Milk Teeth

Home > Other > Milk Teeth > Page 11
Milk Teeth Page 11

by Helene Bukowski


  “What did you do to them?” I shouted. Eggert turned to me.

  “A little gift.”

  “They’re Edith’s dogs. She’s got nothing to do with the child.”

  “My daughters don’t have anything to do with the child either, and yet they’ve disappeared,” he said. Then he got back in his car and drove off.

  Edith didn’t say a word while she walked around the dogs. I barely dared to breathe. Meisis leaned against me; she didn’t hide her grief. Edith abruptly stopped walking.

  “Damn Eggert,” she said, and I could hear how difficult it was for her to keep her voice from shaking. “If he dares come to our house again, I’ll drown him in the pool with my own hands.”

  We buried the dogs in the garden where the brambles were. Edith wore a black silk dress under her rabbit fur coat and had given us black things to wear too.

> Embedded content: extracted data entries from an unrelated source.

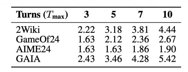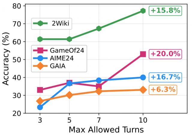 对于相同的数据集下的不同难度任务:譬如说多跳搜索(Multihop Search),智能体任务中的密集长链推理任务,AgentFlow 在经过 FlowGRPO 训练后能够随着最大限制推理步数的上升稳步提升性能,同时又不会大幅提升平均推理步数——这表示对于长难任务会增加有效的推理步数来提升正确率,而不会一味地所有任务都随着最大轮数限制而延长推理步数。
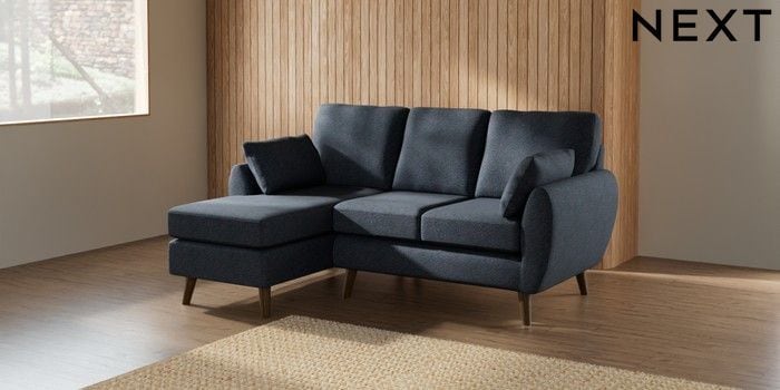 7.2.10 Buy Wilson Small Sofa Chaise - Left Hand Tweedy Chenille Navy Blue Retro Tapered - Mid from the Next UK online shop Click here to use our accessible website
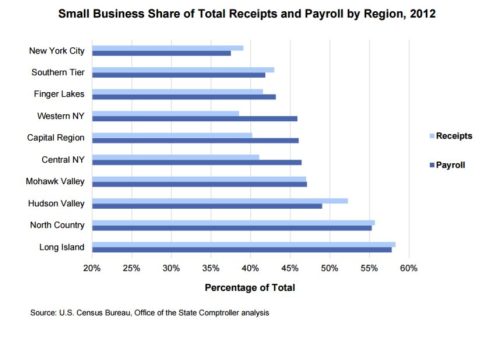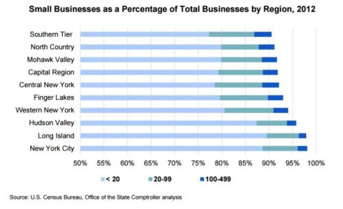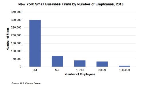 A 2016 report from the Office of the New York State Comptroller describes how “microbusinesses” — firms with fewer than ten employees — make a significant impact on the state’s economy: “Of the small businesses with paid employees in 2013, almost two-thirds had fewer than five employees, with over 80 percent having fewer than ten employees. These 369,000 microbusinesses provided nearly 943,000 jobs with total payroll close to $40 billion. Businesses with fewer than 20 employees reported total employment of nearly 1.5 million, with total payroll of $63.2 billion.”

  Our sweat made them even darker. How Edith could bear it in her fur coat remains a mystery to me. After we had filled in the holes, she read several poems while standing in the blazing sun, her chin raised. More angry than sad.

  “Do you remember how I told you that it wasn’t safe here anymore?” Edith asked me that evening. “Now you can no longer deny it. When the two months are up, they won’t treat us any differently than the dogs.”

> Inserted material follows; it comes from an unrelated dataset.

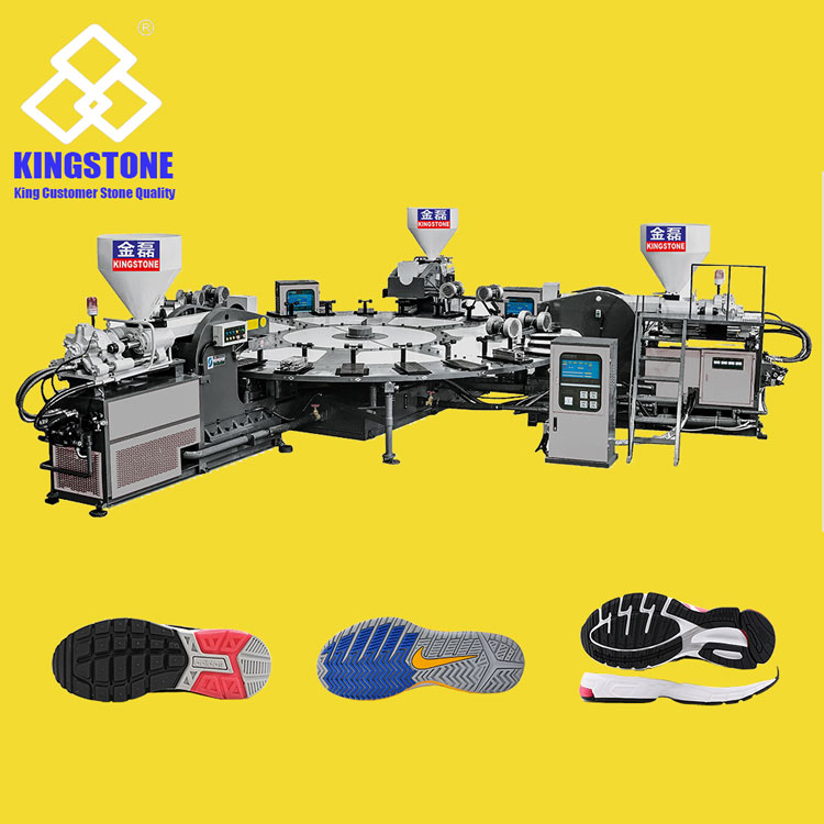 公司研發(fā)的全自動(dòng)發(fā)泡成型機(jī),這種機(jī)臺(tái)可以生產(chǎn)雙色或三色的鞋底,有效的解決了傳統(tǒng)制鞋中多色鞋底需要膠水的問題,這樣可以減少膠水對(duì)于人工的損害,而且可以減少不少和人力成本,為制鞋企業(yè)創(chuàng)造更大的效益。

  “It’s only Eggert that’s lost his mind. He acted alone.”

  “How do you know that?”

  “Gösta would never agree to anything like that.”

  “You’re so naive.”

  I didn’t respond.

  “We should leave the territory while we still can.”

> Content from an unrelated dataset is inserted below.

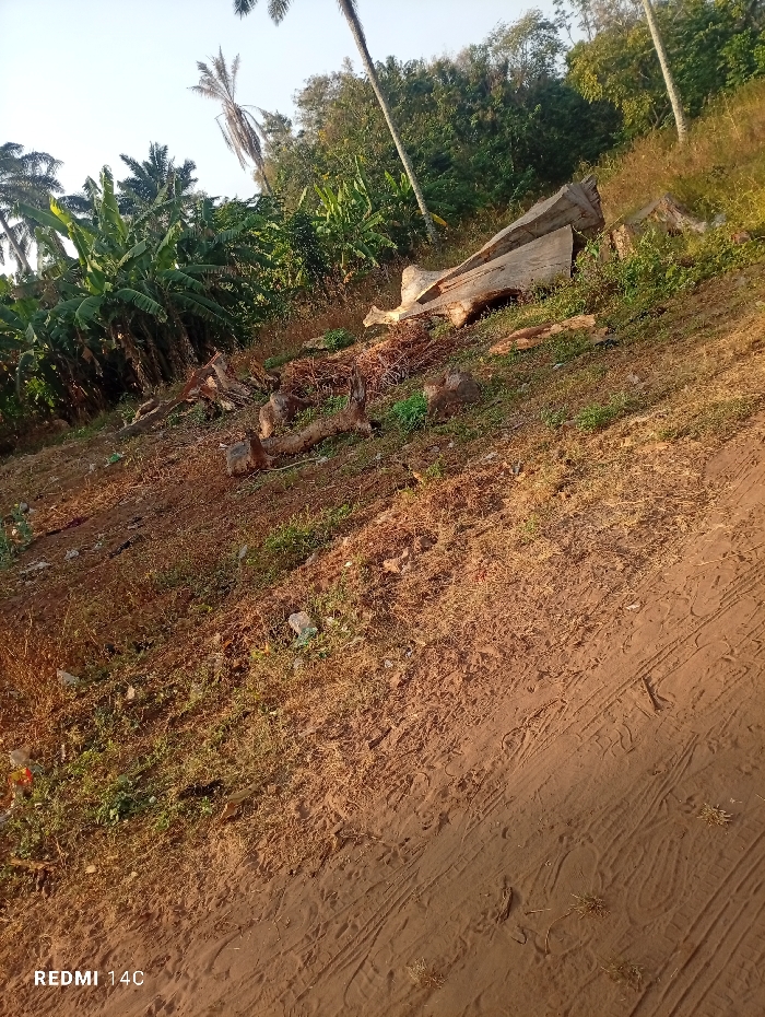 A landscape scene shows a dirt road bordering a hillside scattered with cut logs, stumps, and debris. The hill ascends into a dense area of trees and banana plants. Tall palm trees punctuate the skyline. The ground is dry, with sparse vegetation. The lighting suggests early morning or late afternoon. "REDMI 14C" is visible in the bottom left corner.

  “Meisis and I aren’t going anywhere.”

  “You really think that it’s enough to just sit out the whole thing, don’t you?”

  “As if we have any other choice.”

  60.

  SEAGULLS HAVE BEEN TUMBLING FROM THE SKY FOR YEARS, LOSING THEIR GRIP ON THE HORIZON, FALLING FEATHERS.

  It was the first windy day in a long time. While standing in the garden, I stretched my hand into the air.

  “Today we’ll go into the forest and look for seagulls,” I told Meisis. “Put your shoes on.”

  I fetched a plastic bag from the kitchen.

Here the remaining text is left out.